- _Records for the exercise_:
+++

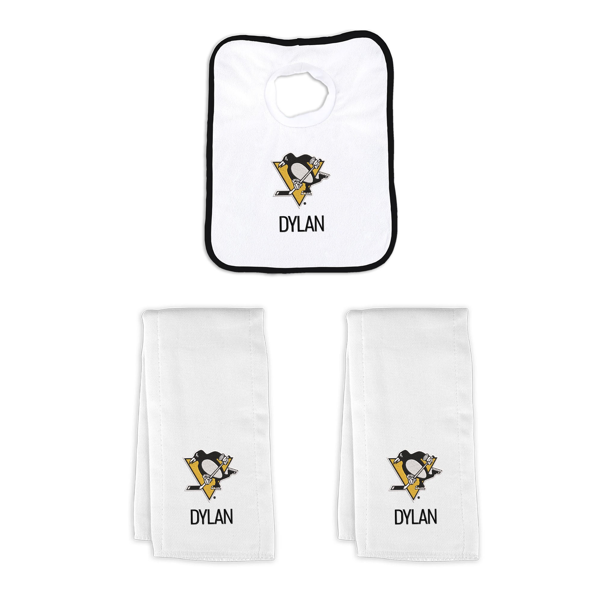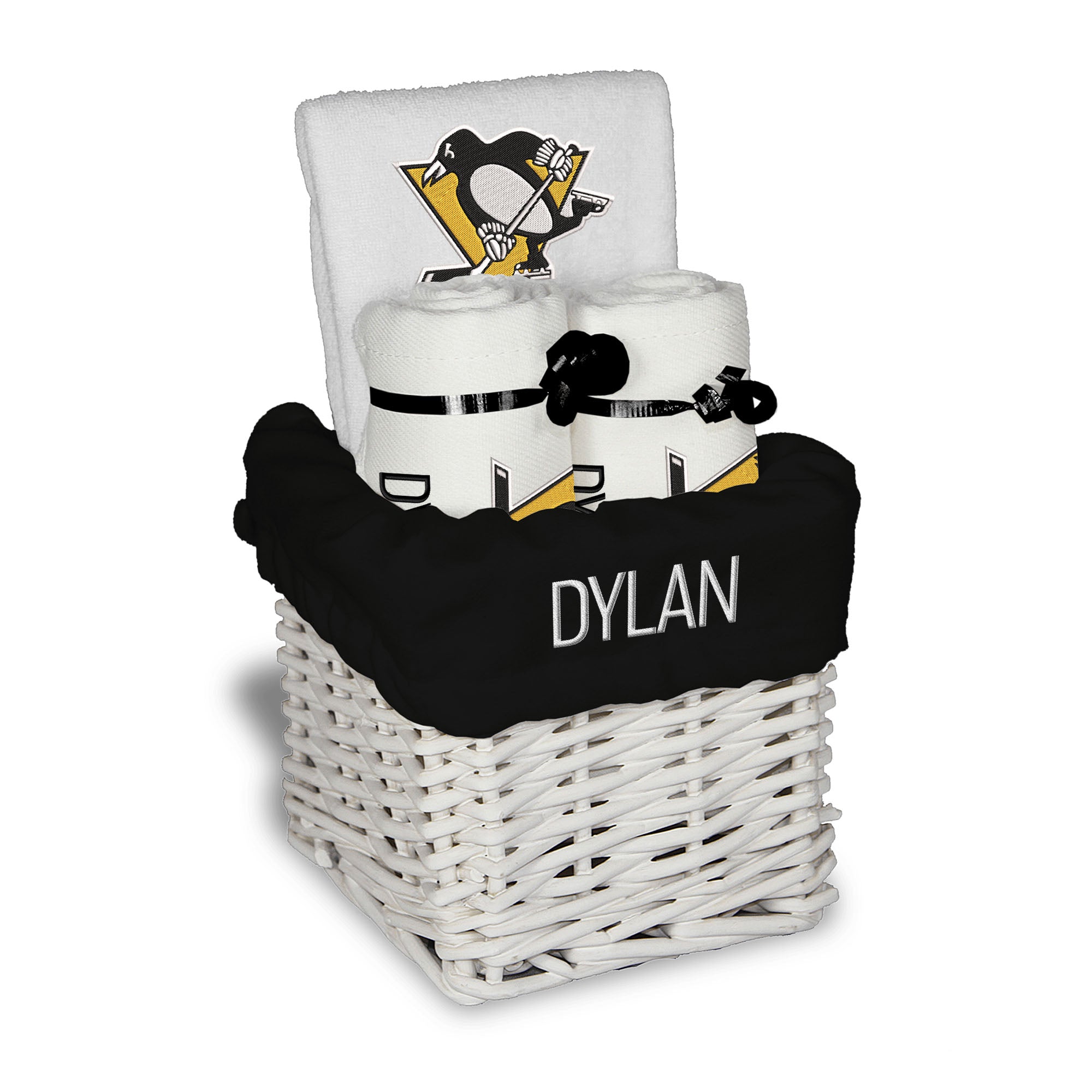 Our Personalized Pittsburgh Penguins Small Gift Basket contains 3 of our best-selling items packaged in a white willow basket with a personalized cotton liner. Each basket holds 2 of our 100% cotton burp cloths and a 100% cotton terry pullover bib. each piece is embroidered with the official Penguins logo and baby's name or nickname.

+++

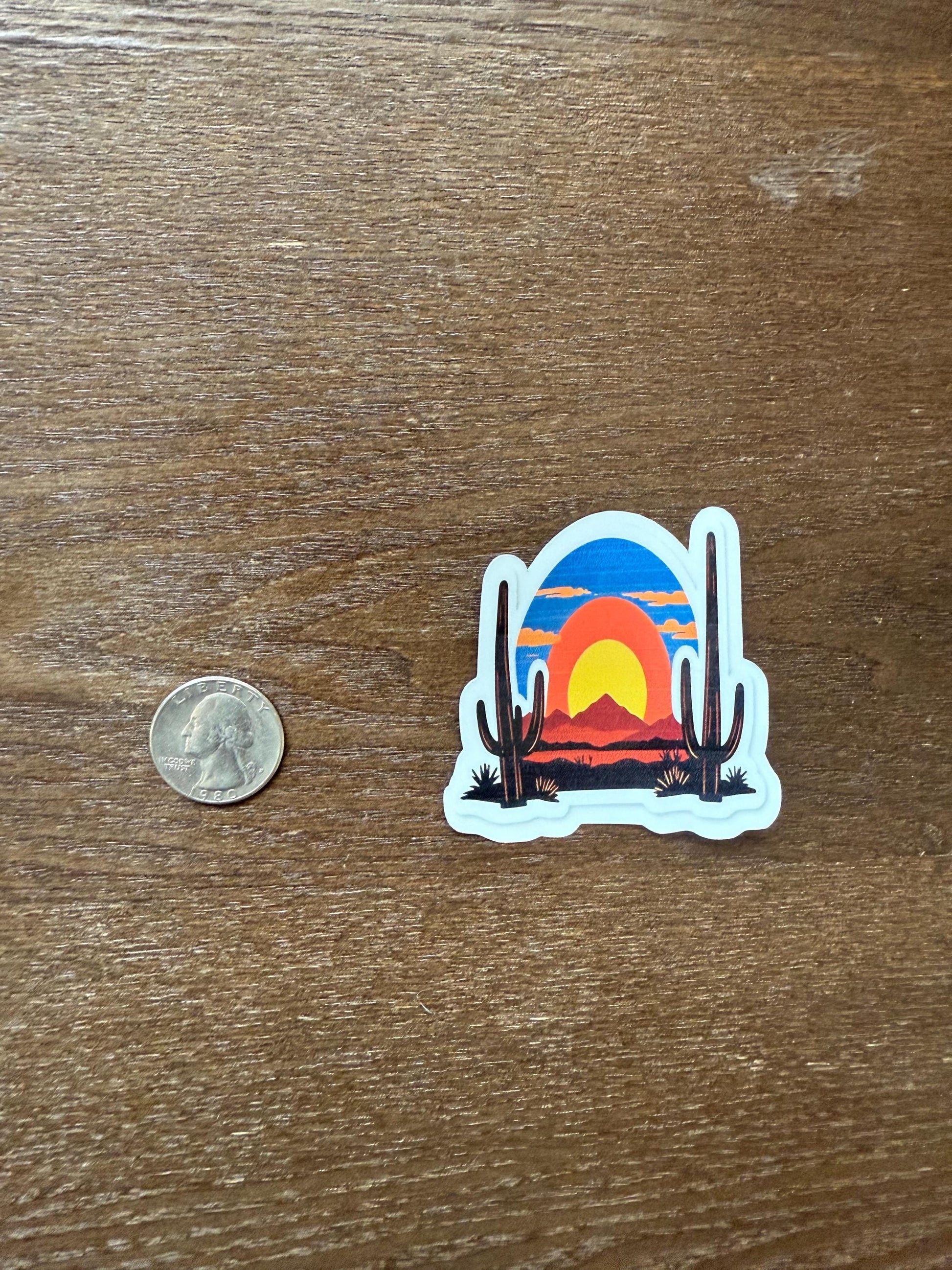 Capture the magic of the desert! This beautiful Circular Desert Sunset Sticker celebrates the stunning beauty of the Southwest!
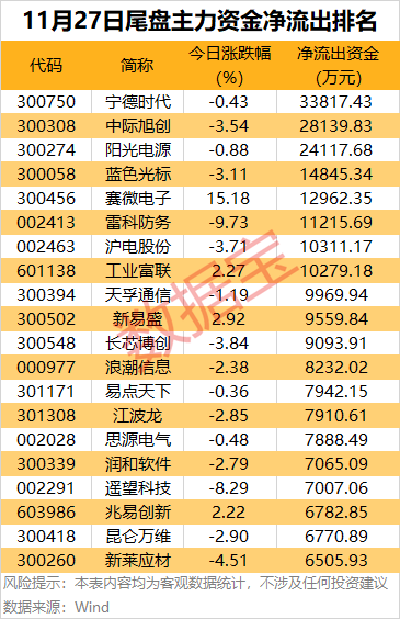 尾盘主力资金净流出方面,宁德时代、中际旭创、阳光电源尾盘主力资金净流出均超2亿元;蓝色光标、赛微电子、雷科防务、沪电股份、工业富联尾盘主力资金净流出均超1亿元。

+++

- _Exercise directions_:
A clean copy is needed of the lines in the listing above from the one with "Capture the magic" through the one with "尾盘主力资金净流出方面,宁德", exact in every word and free of pictures.

- _Answer below_:
 Capture the magic of the desert! This beautiful Circular Desert Sunset Sticker celebrates the stunning beauty of the Southwest!
 尾盘主力资金净流出方面,宁德时代、中际旭创、阳光电源尾盘主力资金净流出均超2亿元;蓝色光标、赛微电子、雷科防务、沪电股份、工业富联尾盘主力资金净流出均超1亿元。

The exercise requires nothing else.